Last Thursday I participated in a cleanup of South Laulau Beach led by 43 second graders from San Vicente Elementary. The kids had some help from their teachers, Miss Diana and Miss Kathy, as well as some of their parents.
Miss Kathy and Miss Diana participated in the MINA teacher education camp last summer. As part of the camp, they each had to come up with two lesson plans and one field trip plan to teach their kids about coral reefs.
This cleanup was one of the field trips.
In the classroom the kids learned about the effects that humans can have on coral reefs, such as driving on the beach, causing erosion, and leaving trash on the beach.
After learning how turtles and other sea life can mistake bits of plastic for food and choke on them, the kids decided that they wanted to do a beach cleanup on the beach near their school.
Laulau Beach is not far from the school, so the teachers had the students walk. It took about 30-40 minutes to get down. The kids picked up trash off the road along the way.
The streets of Saipan are much cleaner than they were just two years ago, even so, I'm always amazed at the amount of garbage that we find. A can here and a bottle there really adds up when you collect them and put them all in one place.
At the start of our short hike down to the beach we split the 43 students and the dozen chaperones into about 10 groups. Each of the groups managed to fill a garbage bag just on the walk down. A few groups filled two.
I love the enthusiasm that kids show when they come to Beautify CNMI events. You would think that picking up other people's garbage was the greatest thing in the world. By the time we got down to the beach some of the kids were already exclaiming to anyone within shouting distance, "This is the best field trip EVER!!!"
I'd like to think I had something to do with it, but something tells me my dog, Oreo, was the reason.

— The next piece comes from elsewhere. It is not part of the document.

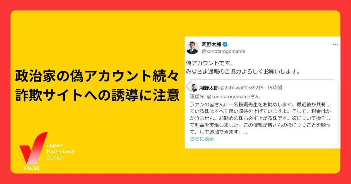 今回、拡散した投稿はすぐに注意喚起をしたため、表紙のみのなりすましで、4月24日時点で、その後の投稿がありません。フォロワーの数やIDをチェックすることを心がけましょう。日本ファクトチェックセンター(JFC)では、これまでも政治家のなりすましアカウントについて記事を出しています。

I really think that the cleanups we do with kids are the most important ones. This is our island and if we don't take care of it, no one else is going to do it for us. For some reason, children seem more willing to accept that idea than adults.
I have a lot of hope that these kids remember that. If they keep hearing the messages "Don't Litter" and "Walk it, Don't Drive it" then maybe by the time these kids have kids of their own, packing up their trash after a picnic will come as naturally as knocking out an "Our Father" during church.
Anyway, Miss Diana told me that the kids were wiped out after the three hour field trip.
They weren't the only ones.
Beautify CNMI is out of trash bags. We've got about 100 left. I'll be making the announcement that we need more in the next couple of days.
I appreciate anyone who wants to purchase and drop off bags at the RC&D office, but what I really want is for someone to buy us a boatload of those sturdy blue bags that are made from recycled plastic. The last time we bought them they were $40 for a box of 200, but that was last year. The price may have gone up.